Disparities based on age, race persist in PET use for lung cancer patients
Demographic differences in the use of PET imaging among Medicare beneficiaries with non-small cell lung cancer (NSCLC) have persisted since the modality’s approval by Medicare in 1998, according to a study published online Feb. 15 in Radiology.
“Despite widespread adoption of PET overall, patients who were older, black, or from less educated or more impoverished census tracts had lower PET use that persisted through 2007, with an absolute rate of PET use approximately 10 percentage points lower in each group,” wrote authors Michaela A. Dinan, PhD, of the Duke Clinical Research Institute in Durham, N.C., and colleagues.
Findings were based on a retrospective analysis of the Surveillance Epidemiology and End Results Medicare data for patients given a diagnosis of NSCLC between 1998 and 2007. A total of 46,544 patients were included in the final study cohort.
By 2005, more than half of all patients underwent one or more PET examinations, reported the authors. However, multivariable logistic regression analysis revealed that patients who were married, nonblack, younger than 80 years and living in areas of higher education levels or in the Northeast were more likely to undergo PET imaging.
“Providers should be mindful that PET is not uniformly administered to all patient populations,” wrote the authors.
Dinan et al also reported that PET imaging rates were growing rapidly in the South in addition to the Northeast, and that distance from a PET facility is not as strongly associated with lower access as it once was. Only 4 percent of patients were located more than 40 miles from a PET facility by the end of the study period.

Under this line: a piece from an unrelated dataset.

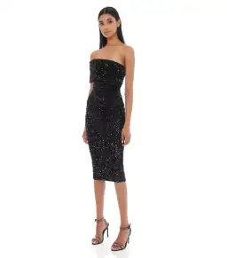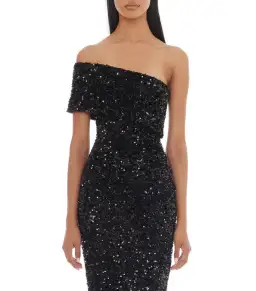 The Alyssa Dress is designed in a richly embellished black sequin and features a flattering bodycon silhouette and asymmetrical one shoulder neckline. Complete with lining and a centre back exposed metal zipper, the Alyssa Dress is the essence of elegance and beauty!

Possible explanations for the disparities in PET use include availability of the technology, cost, physician preference and patient preference, speculated Dinan and colleagues. Racial differences in PET utilization are likely linked to treatment, they explained. Racial differences nearly disappeared when limited to patients who underwent surgery. In patients who underwent surgery, PET was used prior to treatment in 79.2 percent of cases, compared with 63.4 percent, 72.5 percent and 44.6 percent in patients undergoing chemotherapy, radiation therapy or no treatment, respectively.
“The possibility that racial variation in receipt of PET may be associated with surgery is supported by previous studies of health disparities in NSCLC that have suggested that disparities in race and age were driven by access to surgery,” wrote the authors.

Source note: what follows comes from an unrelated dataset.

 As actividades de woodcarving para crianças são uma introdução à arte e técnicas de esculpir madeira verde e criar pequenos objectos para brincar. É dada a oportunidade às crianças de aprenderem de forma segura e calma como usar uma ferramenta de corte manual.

The authors concluded by noting that differential adoption of emerging medical technologies has previously been implicated in disparities in disease management, and that the effect of unequal adoption of PET on patient care is an important area of research.
“Regardless of the true benefit of PET, our study demonstrates that PET use did not spread equitably in the population of Medicare beneficiaries with NSCLC and that this unintended discrepancy in care persisted despite high overall rates of adoption.”